- Work to be completed: Only a slice of the listing below is wanted. Retype the lines from the one containing "Les intervenants prenaient" through the one containing "Para pejalan kaki, sedang", exactly, both ends included.

- Data supplied:

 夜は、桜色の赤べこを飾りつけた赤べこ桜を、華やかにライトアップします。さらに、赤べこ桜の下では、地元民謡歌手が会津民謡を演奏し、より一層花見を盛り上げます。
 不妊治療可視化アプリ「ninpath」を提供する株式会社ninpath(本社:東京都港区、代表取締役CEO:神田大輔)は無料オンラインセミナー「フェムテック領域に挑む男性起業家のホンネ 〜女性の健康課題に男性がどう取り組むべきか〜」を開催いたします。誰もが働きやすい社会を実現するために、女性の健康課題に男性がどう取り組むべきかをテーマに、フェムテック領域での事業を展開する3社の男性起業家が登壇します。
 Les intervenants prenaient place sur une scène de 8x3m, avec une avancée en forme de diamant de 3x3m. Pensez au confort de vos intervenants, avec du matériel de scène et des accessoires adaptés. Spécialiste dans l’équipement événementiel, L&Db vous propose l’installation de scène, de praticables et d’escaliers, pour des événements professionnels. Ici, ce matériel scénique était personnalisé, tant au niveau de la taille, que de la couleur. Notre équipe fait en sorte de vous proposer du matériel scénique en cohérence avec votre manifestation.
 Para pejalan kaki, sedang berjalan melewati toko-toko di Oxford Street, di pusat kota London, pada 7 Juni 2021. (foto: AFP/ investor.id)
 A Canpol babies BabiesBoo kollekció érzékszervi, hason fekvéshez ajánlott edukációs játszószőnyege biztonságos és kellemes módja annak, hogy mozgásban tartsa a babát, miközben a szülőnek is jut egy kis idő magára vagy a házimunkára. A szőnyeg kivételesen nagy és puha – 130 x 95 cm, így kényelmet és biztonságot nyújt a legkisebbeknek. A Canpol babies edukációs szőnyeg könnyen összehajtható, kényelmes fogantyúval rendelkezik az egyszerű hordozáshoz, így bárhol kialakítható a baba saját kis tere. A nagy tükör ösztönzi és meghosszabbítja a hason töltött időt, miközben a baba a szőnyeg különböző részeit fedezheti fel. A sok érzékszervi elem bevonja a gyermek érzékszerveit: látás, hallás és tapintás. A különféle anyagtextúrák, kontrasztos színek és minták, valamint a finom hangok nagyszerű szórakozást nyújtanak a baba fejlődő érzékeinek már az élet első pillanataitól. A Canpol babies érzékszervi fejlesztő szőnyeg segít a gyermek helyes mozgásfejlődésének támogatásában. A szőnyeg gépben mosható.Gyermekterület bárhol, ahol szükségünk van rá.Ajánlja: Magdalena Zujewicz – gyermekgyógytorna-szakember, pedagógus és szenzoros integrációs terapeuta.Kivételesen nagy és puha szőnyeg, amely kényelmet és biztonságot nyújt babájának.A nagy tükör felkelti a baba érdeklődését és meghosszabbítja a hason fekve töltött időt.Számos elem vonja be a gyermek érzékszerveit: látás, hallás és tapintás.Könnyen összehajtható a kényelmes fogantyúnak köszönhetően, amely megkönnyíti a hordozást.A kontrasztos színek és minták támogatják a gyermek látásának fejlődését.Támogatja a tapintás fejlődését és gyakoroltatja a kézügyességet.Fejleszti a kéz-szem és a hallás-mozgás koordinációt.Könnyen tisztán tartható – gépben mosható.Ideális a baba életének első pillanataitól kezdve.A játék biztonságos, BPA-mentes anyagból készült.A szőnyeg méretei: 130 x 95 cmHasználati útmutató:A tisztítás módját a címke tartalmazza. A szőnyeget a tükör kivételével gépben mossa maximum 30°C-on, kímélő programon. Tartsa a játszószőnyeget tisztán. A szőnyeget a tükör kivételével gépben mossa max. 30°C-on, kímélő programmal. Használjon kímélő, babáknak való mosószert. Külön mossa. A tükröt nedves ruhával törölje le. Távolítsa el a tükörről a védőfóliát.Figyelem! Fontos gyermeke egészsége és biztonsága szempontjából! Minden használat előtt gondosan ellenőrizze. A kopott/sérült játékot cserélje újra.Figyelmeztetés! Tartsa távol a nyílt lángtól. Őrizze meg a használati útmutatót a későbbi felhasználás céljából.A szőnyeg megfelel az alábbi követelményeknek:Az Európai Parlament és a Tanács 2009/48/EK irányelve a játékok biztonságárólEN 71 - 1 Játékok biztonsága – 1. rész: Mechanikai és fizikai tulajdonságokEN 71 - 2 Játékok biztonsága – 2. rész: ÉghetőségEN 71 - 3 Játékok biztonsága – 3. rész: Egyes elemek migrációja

* * *

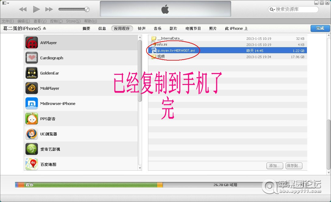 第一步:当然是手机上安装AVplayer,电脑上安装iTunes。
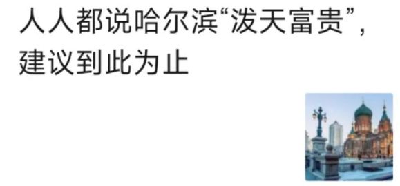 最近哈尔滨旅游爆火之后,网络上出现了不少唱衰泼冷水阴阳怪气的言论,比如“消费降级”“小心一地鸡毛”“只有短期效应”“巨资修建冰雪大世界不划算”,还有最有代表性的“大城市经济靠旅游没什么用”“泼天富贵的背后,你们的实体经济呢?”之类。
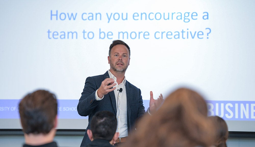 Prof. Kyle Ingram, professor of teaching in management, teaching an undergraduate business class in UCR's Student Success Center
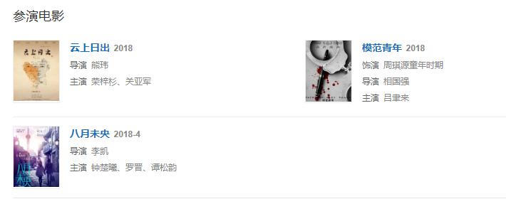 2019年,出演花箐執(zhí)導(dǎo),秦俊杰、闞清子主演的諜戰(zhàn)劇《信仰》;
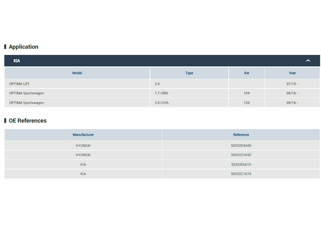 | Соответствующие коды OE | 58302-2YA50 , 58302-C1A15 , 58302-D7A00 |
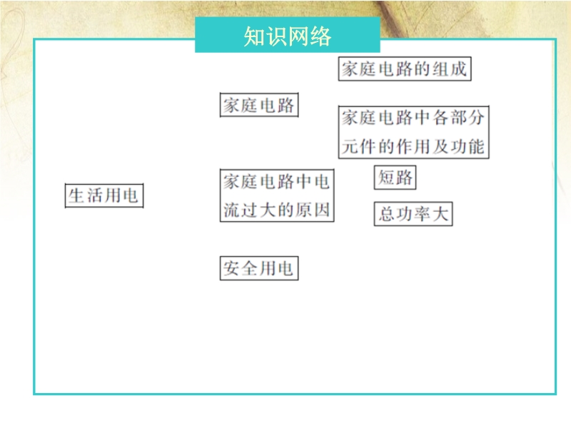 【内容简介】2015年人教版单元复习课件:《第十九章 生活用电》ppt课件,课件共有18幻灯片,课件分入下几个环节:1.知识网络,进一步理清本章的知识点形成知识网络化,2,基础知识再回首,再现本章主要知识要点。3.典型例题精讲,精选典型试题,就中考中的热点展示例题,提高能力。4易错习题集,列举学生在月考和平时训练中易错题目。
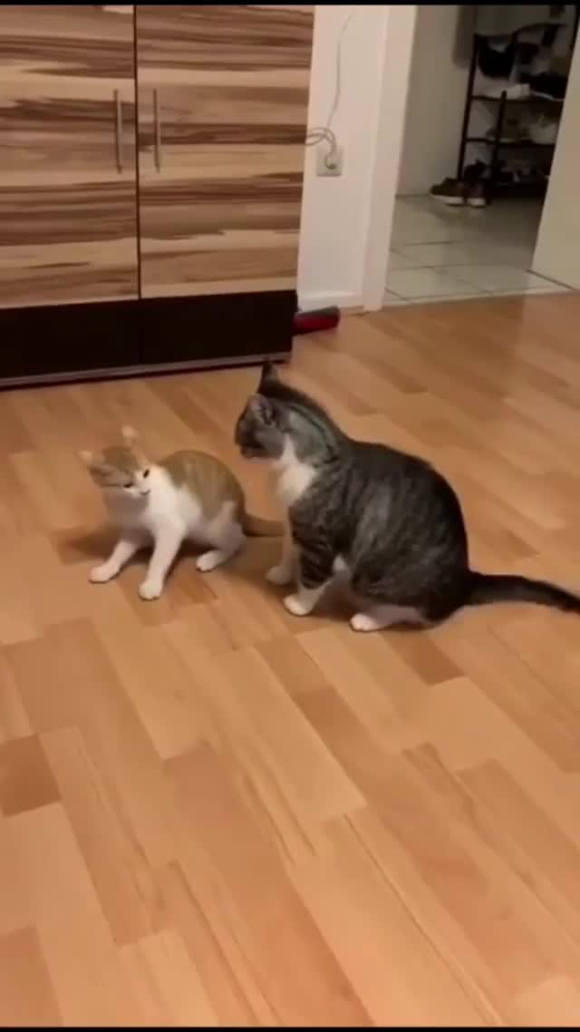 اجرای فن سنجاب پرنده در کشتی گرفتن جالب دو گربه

---

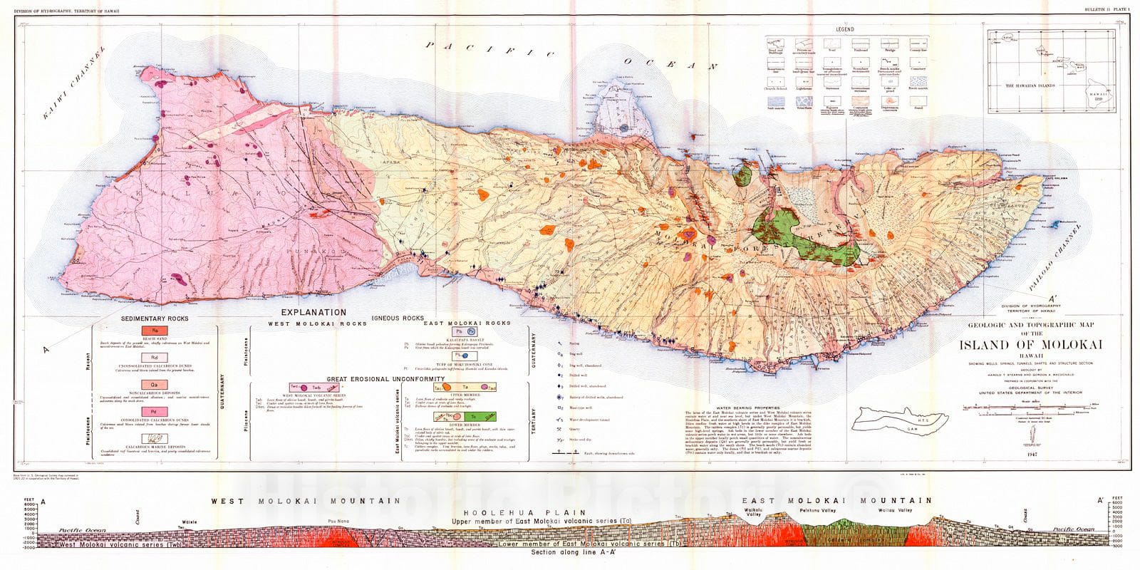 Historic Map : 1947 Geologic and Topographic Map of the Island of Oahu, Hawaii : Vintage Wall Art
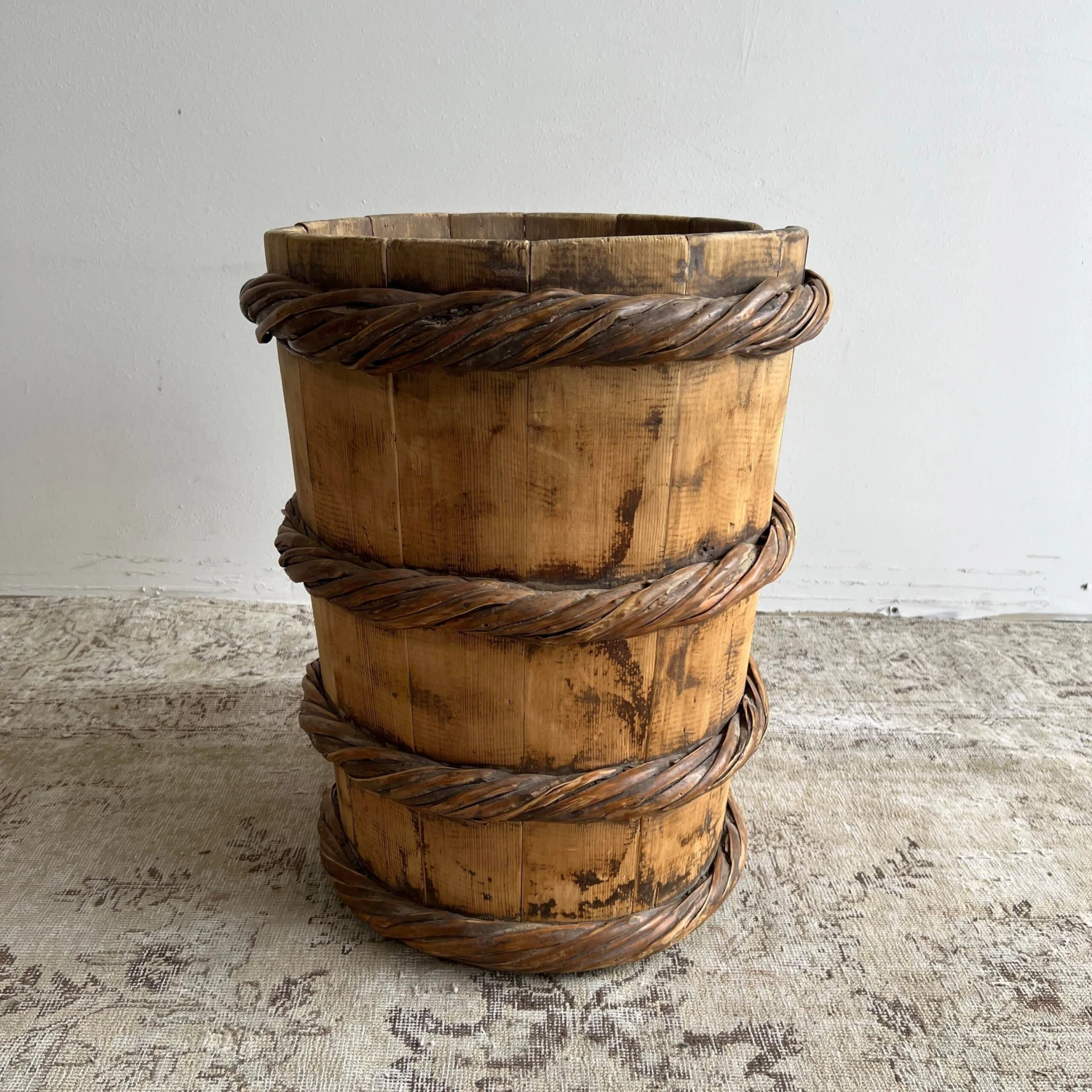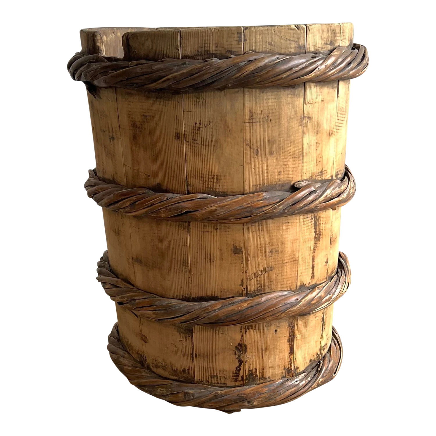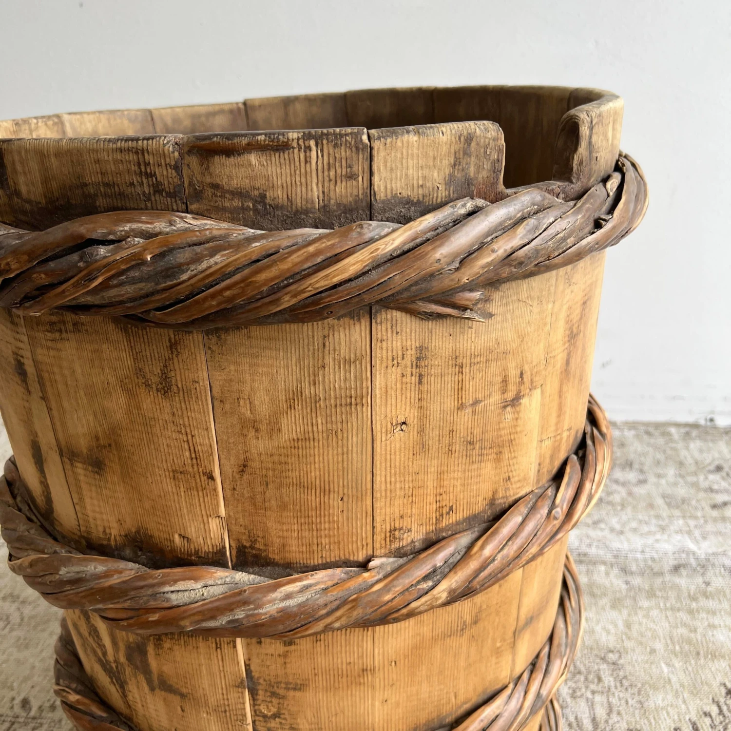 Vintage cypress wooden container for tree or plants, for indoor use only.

- Solution to the problem:
 Les intervenants prenaient place sur une scène de 8x3m, avec une avancée en forme de diamant de 3x3m. Pensez au confort de vos intervenants, avec du matériel de scène et des accessoires adaptés. Spécialiste dans l’équipement événementiel, L&Db vous propose l’installation de scène, de praticables et d’escaliers, pour des événements professionnels. Ici, ce matériel scénique était personnalisé, tant au niveau de la taille, que de la couleur. Notre équipe fait en sorte de vous proposer du matériel scénique en cohérence avec votre manifestation.
 Para pejalan kaki, sedang berjalan melewati toko-toko di Oxford Street, di pusat kota London, pada 7 Juni 2021. (foto: AFP/ investor.id)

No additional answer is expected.